— What you should do —
With images removed, return the whole listing exactly as written.

— Source material —
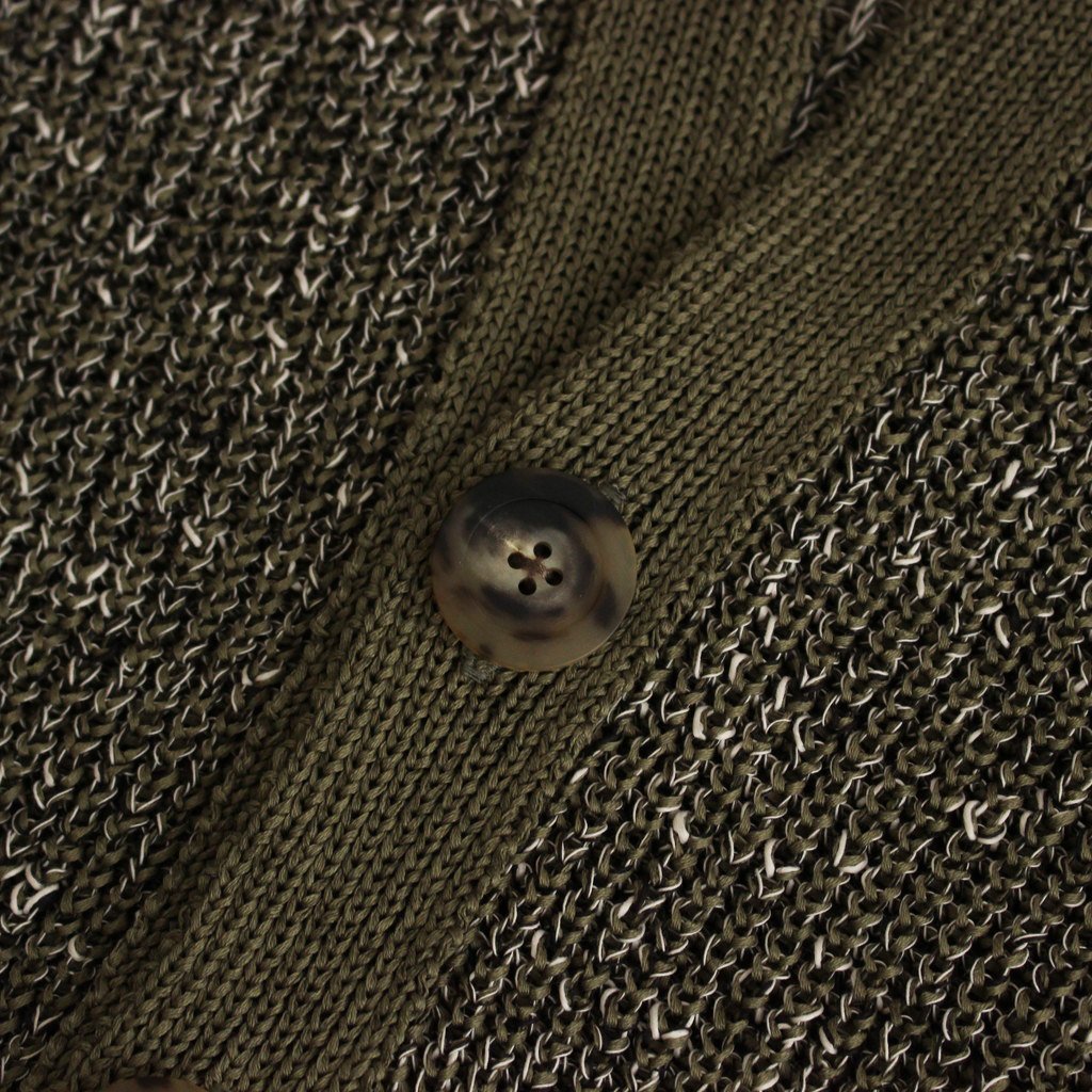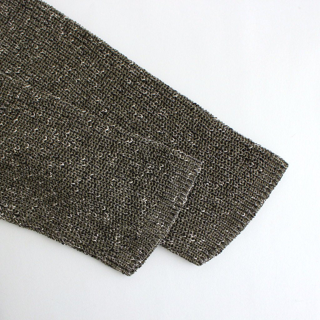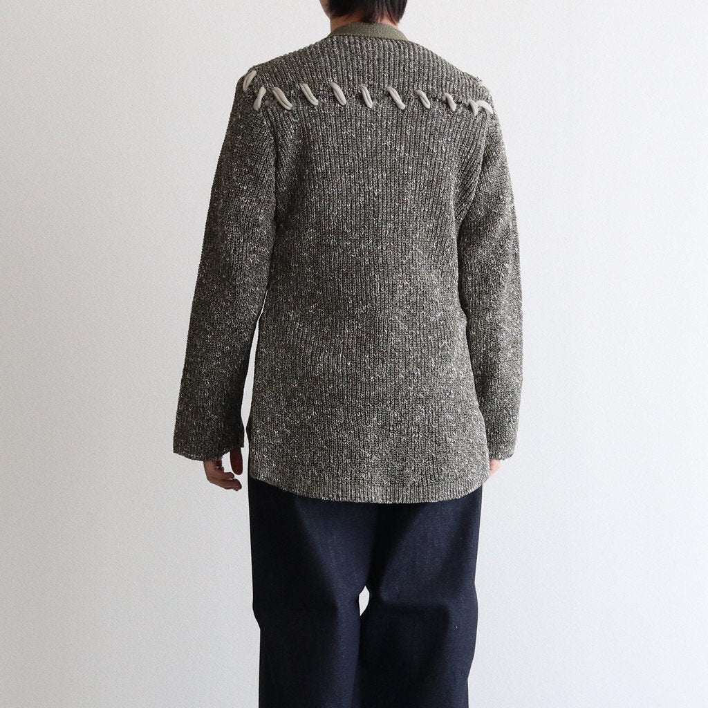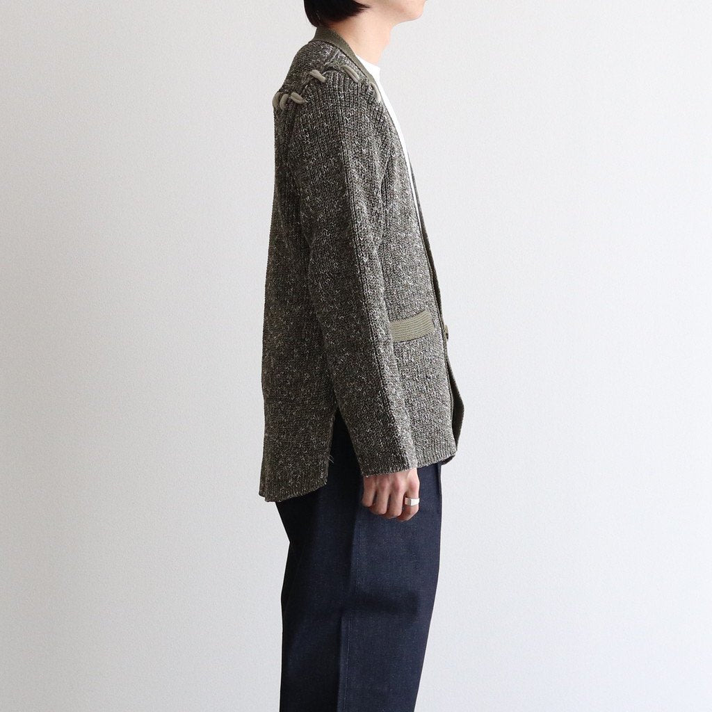kheikiのブレイドカーディガン。リネンのテープでパーツを継いだオーバーサイズカーディガンです。メインにリネンのようなドライな質感を樹脂のコーティングによって表現した素材を使用。陶器の不規則な凹凸や、奥行きある色合いを表現する為、テープ状の糸と、糸の太さにムラのある糸を、それぞれ異なる色の組み合わせで編成しております。素材に厚みがあるが糸の特性により軽く、ドライな質感が特徴。夏らしいシアー感がありドライでありながらも、柔らかな着心地になっております。シルエットは肩周りや身幅、アーム部分にたっぷりとゆとりを持たせた、ゆったりとしたオーバーサイズシルエット。テープを緩めた箇所はパーツ同士に隙間が出来、インナーが見える仕様となっております。素材感やシルエット、細部に至るまでを徹底してこだわったkheikiならではのプロダクトです。
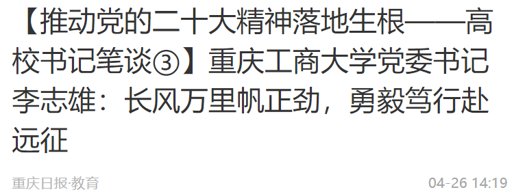 4月26日,《重庆日报》刊发365官网党委书记李志雄学习党的二十大报告心得体会的署名文章:《长风万里帆正劲,勇毅笃行赴远征》。
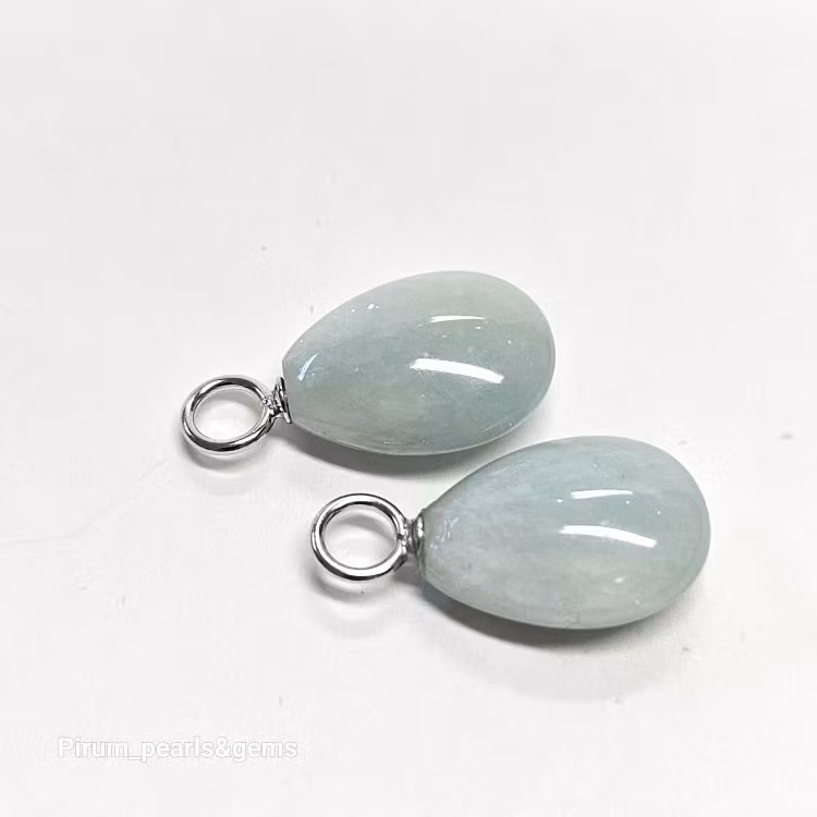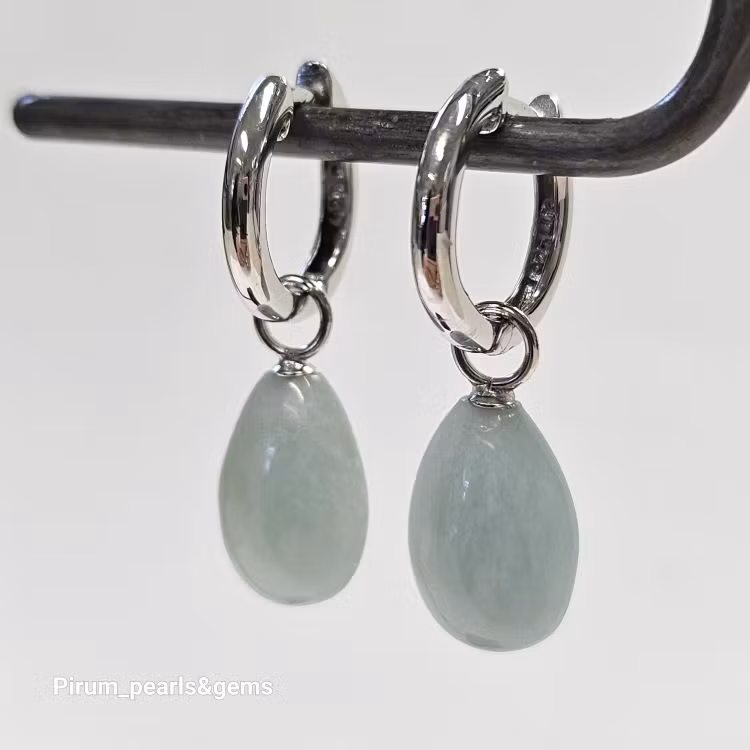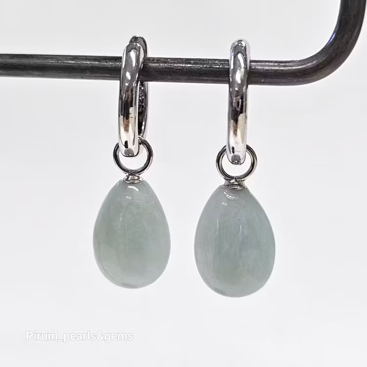 Vacker ljusblå platt akvamarin 10x15 mm på nickelfri silverögla för att hänga på creolring eller öronkrok.

— Reply —
kheikiのブレイドカーディガン。リネンのテープでパーツを継いだオーバーサイズカーディガンです。メインにリネンのようなドライな質感を樹脂のコーティングによって表現した素材を使用。陶器の不規則な凹凸や、奥行きある色合いを表現する為、テープ状の糸と、糸の太さにムラのある糸を、それぞれ異なる色の組み合わせで編成しております。素材に厚みがあるが糸の特性により軽く、ドライな質感が特徴。夏らしいシアー感がありドライでありながらも、柔らかな着心地になっております。シルエットは肩周りや身幅、アーム部分にたっぷりとゆとりを持たせた、ゆったりとしたオーバーサイズシルエット。テープを緩めた箇所はパーツ同士に隙間が出来、インナーが見える仕様となっております。素材感やシルエット、細部に至るまでを徹底してこだわったkheikiならではのプロダクトです。
 4月26日,《重庆日报》刊发365官网党委书记李志雄学习党的二十大报告心得体会的署名文章:《长风万里帆正劲,勇毅笃行赴远征》。
 Vacker ljusblå platt akvamarin 10x15 mm på nickelfri silverögla för att hänga på creolring eller öronkrok.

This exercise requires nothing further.